**PROBLEM REQUIREMENTS**
Please reproduce the listing in its entirety, exactly as written, but without images.

**RAW DATA**
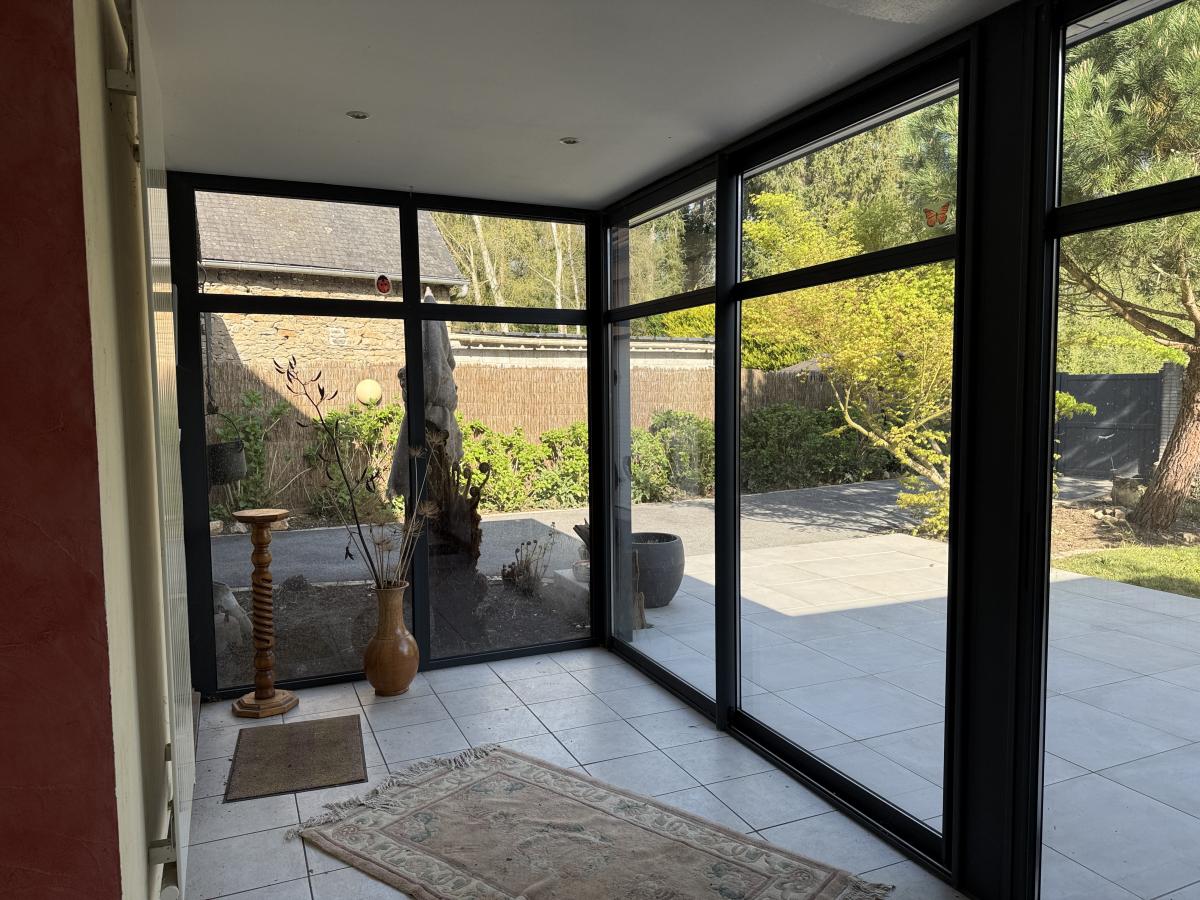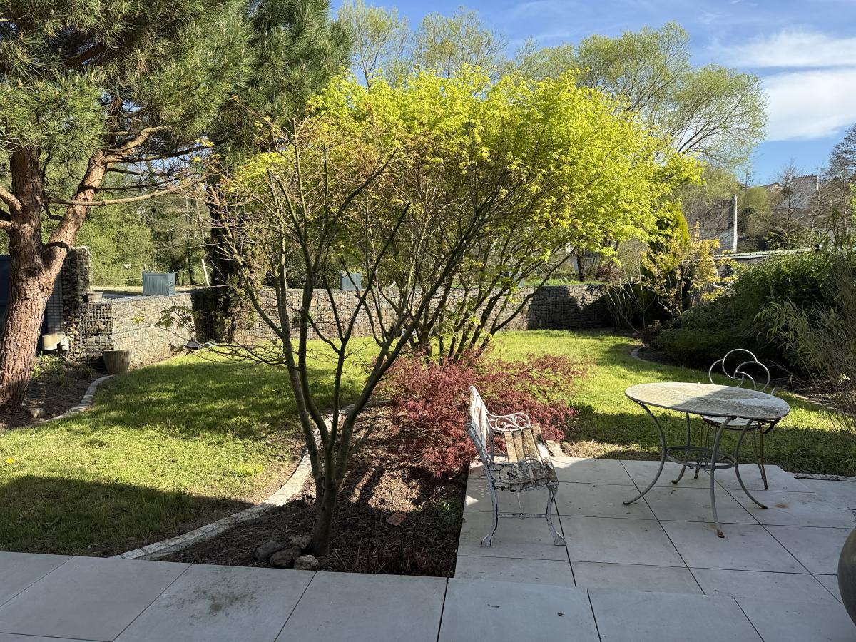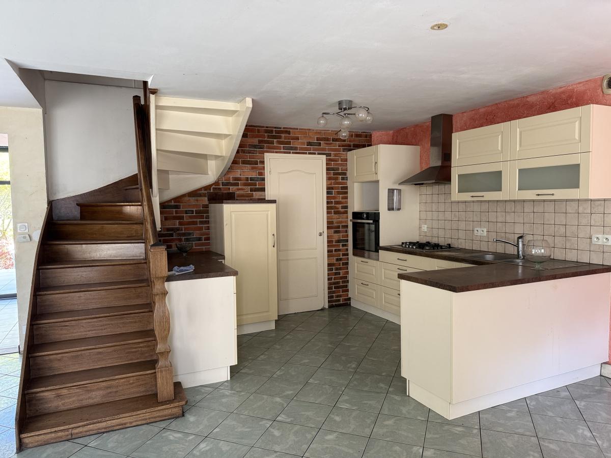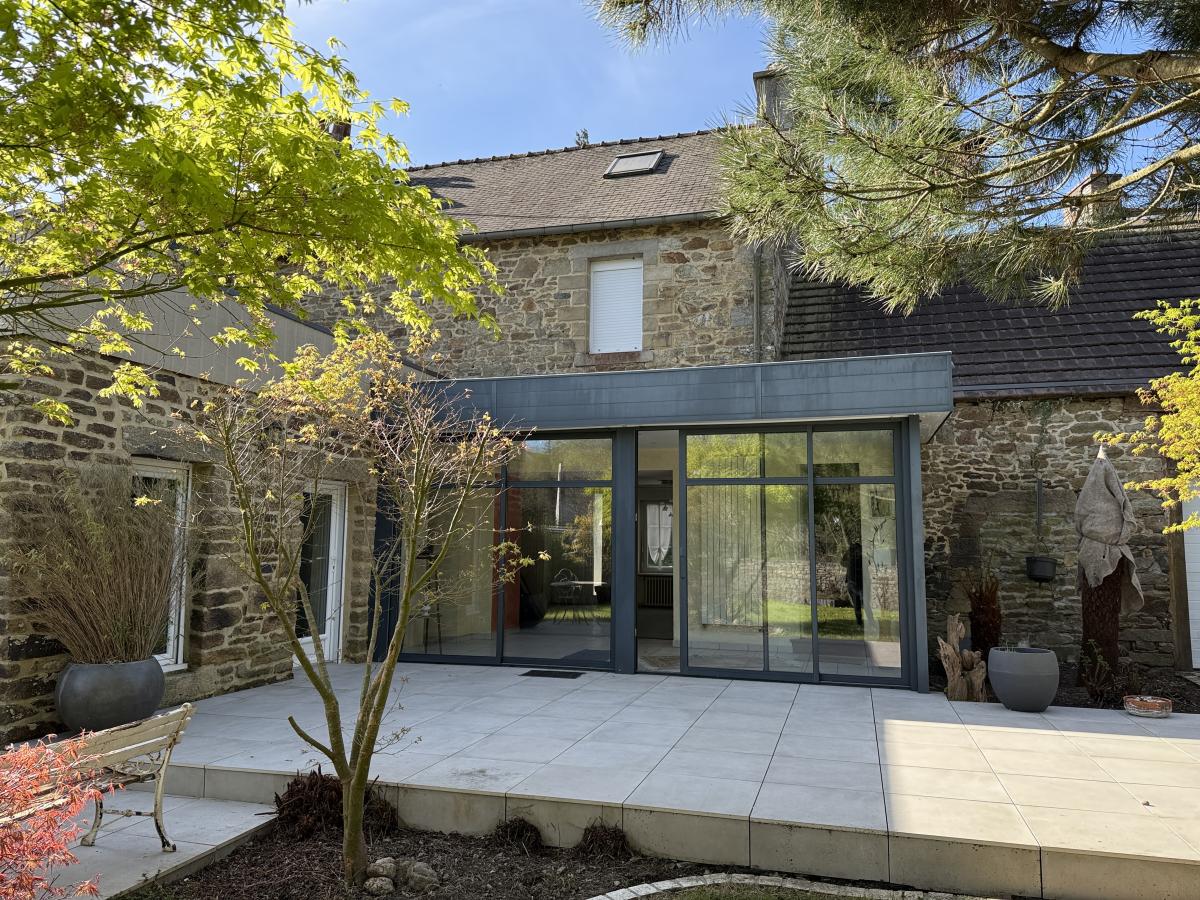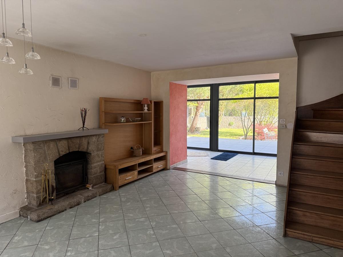 Belle maison en pierres, mitoyenne, en centre bourg, sur agréable jardin clos à l'arrière de 508 m2, terrasse et garage. La maison se compose en rez de chaussée, d'une belle pièce de vie (cuisine meublée/équipée ouverte sur salle et salon cheminée insert / véranda donnant sur jardin, une chambre, wc, salle d'eau ; étage de trois chambres, salle d'eau et wc ; grenier au-dessus.
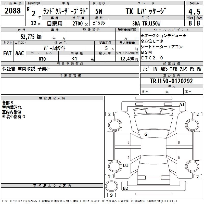 TX L PACKAGE 3BA-TRJ150W 2TR-FE Full-time 4WD 6AT 2693cc 163ps(120kW)/5200rpm AИ-92 4 140 000
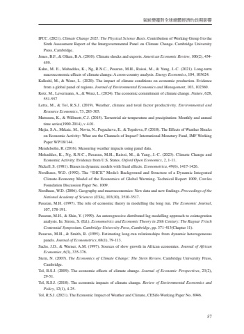 %u6c23%u5019%u8b8a%u9077%u5c0d%u5168%u7403%u7e3d%u9ad4%u7d93%u6fdf%u7684%u9577%u671f%u5f71%u97ff57IPCC. (2021). Climate Change 2021: The Physical Science Basis. Contribution of Working Group I to the Sixth Assessment Report of the Intergovernmental Panel on Climate Change. Cambridge University Press, Cambridge.Jones, B.F., & Olken, B.A. (2010). Climate shocks and exports. American Economic Review, 100(2), 454-459.Kahn, M. E., Mohaddes, K., Ng, R.N.C., Pesaran, M.H., Raissi, M., & Yang, J.-C. (2021). Long-term macroeconomic effects of climate change: A cross-country analysis. Energy Economics, 104, 105624.Kalkuhl, M., & Wenz, L. (2020). The impact of climate conditions on economic production. Evidence from a global panel of regions. Journal of Environmental Economics and Management, 103, 102360.Kotz, M., Levermann, A., & Wenz, L. (2024). The economic commitment of climate change. Nature, 628, 551-557Letta, M., & Tol, R.S.J. (2019). Weather, climate and total factor productivity. Environmental and Resource Economics, 73, 283-305.Matsuura, K., & Willmott, C.J. (2015). Terrestrial air temperature and precipitation: Monthly and annual time series(1900-2014), v 4.01.Mejia, S.A., Mrkaic, M., Novta, N., Pugacheva, E., & Topalova, P. (2018). The Effects of Weather Shocks on Economic Activity: What are the Channels of Impact? International Monetary Fund, IMF Working Paper WP/18/144.Mendelsohn, R. (2016). Measuring weather impacts using panel data.Mohaddes, K., Ng, R.N.C., Pesaran, M.H., Raissi, M., & Yang, J.-C. (2023). Climate Change and Economic Activity: Evidence from U.S. States. Oxford Open Economics, 2, 1-11.Nickell, S. (1981). Biases in dynamic models with fixed effects. Econometrica, 49(6), 1417-1426.Nordhaus, W.D. (1992). The %u2018%u2018DICE%u2019%u2019 Model: Background and Structure of a Dynamic Integrated Climate-Economy Model of the Economics of Global Warming. Technical Report 1009, Cowles Foundation Discussion Paper No. 1009.Nordhaus, W.D. (2006). Geography and macroeconomics: New data and new findings. Proceedings of the National Academy of Sciences (USA), 103(10), 3510-3517.Pesaran, M.H. (1997). The role of economic theory in modelling the long run. The Economic Journal, 107, 178-191.Pesaran, M.H., & Shin, Y. (1999). An autoregressive distributed lag modelling approach to cointegration analysis. In: Strom, S. (Ed.), Econometrics and Economic Theory in 20th Century: The Ragnar Frisch Centennial Symposium. Cambridge University Press, Cambridge, pp. 371-413(Chapter 11).Pesaran, M.H., & Smith, R. (1995). Estimating long-run relationships from dynamic heterogeneous panels. Journal of Econometrics, 68(1), 79-113.Sachs, J.D., & Warner, A.M. (1997). Sources of slow growth in African economies. Journal of African Economies, 6(3), 335-376.Stern, N. (2007). The Economics of Climate Change: The Stern Review. Cambridge University Press, Cambridge.Tol, R.S.J. (2009). The economic effects of climate change. Journal of Economic Perspectives, 23(2), 29-51.Tol, R.S.J. (2018). The economic impacts of climate change. Review of Environmental Economics and Policy, 12(1), 4-25.Tol, R.S.J. (2021). The Economic Impact of Weather and Climate, CESifo Working Paper No. 8946.
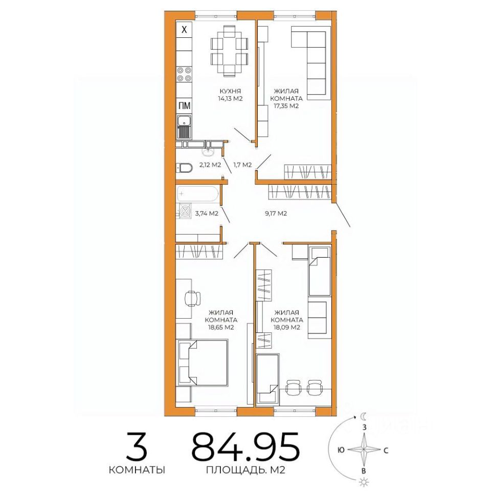 Продаётся 3-комнатная квартира в сданном доме (дом 10), срок сдачи: IV-кв. 2024, общей площадью 84.95 кв.м., на 8 этаже. Дизайнерская отделка.

**FINISHED EXERCISE**
 Belle maison en pierres, mitoyenne, en centre bourg, sur agréable jardin clos à l'arrière de 508 m2, terrasse et garage. La maison se compose en rez de chaussée, d'une belle pièce de vie (cuisine meublée/équipée ouverte sur salle et salon cheminée insert / véranda donnant sur jardin, une chambre, wc, salle d'eau ; étage de trois chambres, salle d'eau et wc ; grenier au-dessus.
 TX L PACKAGE 3BA-TRJ150W 2TR-FE Full-time 4WD 6AT 2693cc 163ps(120kW)/5200rpm AИ-92 4 140 000
 %u6c23%u5019%u8b8a%u9077%u5c0d%u5168%u7403%u7e3d%u9ad4%u7d93%u6fdf%u7684%u9577%u671f%u5f71%u97ff57IPCC. (2021). Climate Change 2021: The Physical Science Basis. Contribution of Working Group I to the Sixth Assessment Report of the Intergovernmental Panel on Climate Change. Cambridge University Press, Cambridge.Jones, B.F., & Olken, B.A. (2010). Climate shocks and exports. American Economic Review, 100(2), 454-459.Kahn, M. E., Mohaddes, K., Ng, R.N.C., Pesaran, M.H., Raissi, M., & Yang, J.-C. (2021). Long-term macroeconomic effects of climate change: A cross-country analysis. Energy Economics, 104, 105624.Kalkuhl, M., & Wenz, L. (2020). The impact of climate conditions on economic production. Evidence from a global panel of regions. Journal of Environmental Economics and Management, 103, 102360.Kotz, M., Levermann, A., & Wenz, L. (2024). The economic commitment of climate change. Nature, 628, 551-557Letta, M., & Tol, R.S.J. (2019). Weather, climate and total factor productivity. Environmental and Resource Economics, 73, 283-305.Matsuura, K., & Willmott, C.J. (2015). Terrestrial air temperature and precipitation: Monthly and annual time series(1900-2014), v 4.01.Mejia, S.A., Mrkaic, M., Novta, N., Pugacheva, E., & Topalova, P. (2018). The Effects of Weather Shocks on Economic Activity: What are the Channels of Impact? International Monetary Fund, IMF Working Paper WP/18/144.Mendelsohn, R. (2016). Measuring weather impacts using panel data.Mohaddes, K., Ng, R.N.C., Pesaran, M.H., Raissi, M., & Yang, J.-C. (2023). Climate Change and Economic Activity: Evidence from U.S. States. Oxford Open Economics, 2, 1-11.Nickell, S. (1981). Biases in dynamic models with fixed effects. Econometrica, 49(6), 1417-1426.Nordhaus, W.D. (1992). The %u2018%u2018DICE%u2019%u2019 Model: Background and Structure of a Dynamic Integrated Climate-Economy Model of the Economics of Global Warming. Technical Report 1009, Cowles Foundation Discussion Paper No. 1009.Nordhaus, W.D. (2006). Geography and macroeconomics: New data and new findings. Proceedings of the National Academy of Sciences (USA), 103(10), 3510-3517.Pesaran, M.H. (1997). The role of economic theory in modelling the long run. The Economic Journal, 107, 178-191.Pesaran, M.H., & Shin, Y. (1999). An autoregressive distributed lag modelling approach to cointegration analysis. In: Strom, S. (Ed.), Econometrics and Economic Theory in 20th Century: The Ragnar Frisch Centennial Symposium. Cambridge University Press, Cambridge, pp. 371-413(Chapter 11).Pesaran, M.H., & Smith, R. (1995). Estimating long-run relationships from dynamic heterogeneous panels. Journal of Econometrics, 68(1), 79-113.Sachs, J.D., & Warner, A.M. (1997). Sources of slow growth in African economies. Journal of African Economies, 6(3), 335-376.Stern, N. (2007). The Economics of Climate Change: The Stern Review. Cambridge University Press, Cambridge.Tol, R.S.J. (2009). The economic effects of climate change. Journal of Economic Perspectives, 23(2), 29-51.Tol, R.S.J. (2018). The economic impacts of climate change. Review of Environmental Economics and Policy, 12(1), 4-25.Tol, R.S.J. (2021). The Economic Impact of Weather and Climate, CESifo Working Paper No. 8946.
 Продаётся 3-комнатная квартира в сданном доме (дом 10), срок сдачи: IV-кв. 2024, общей площадью 84.95 кв.м., на 8 этаже. Дизайнерская отделка.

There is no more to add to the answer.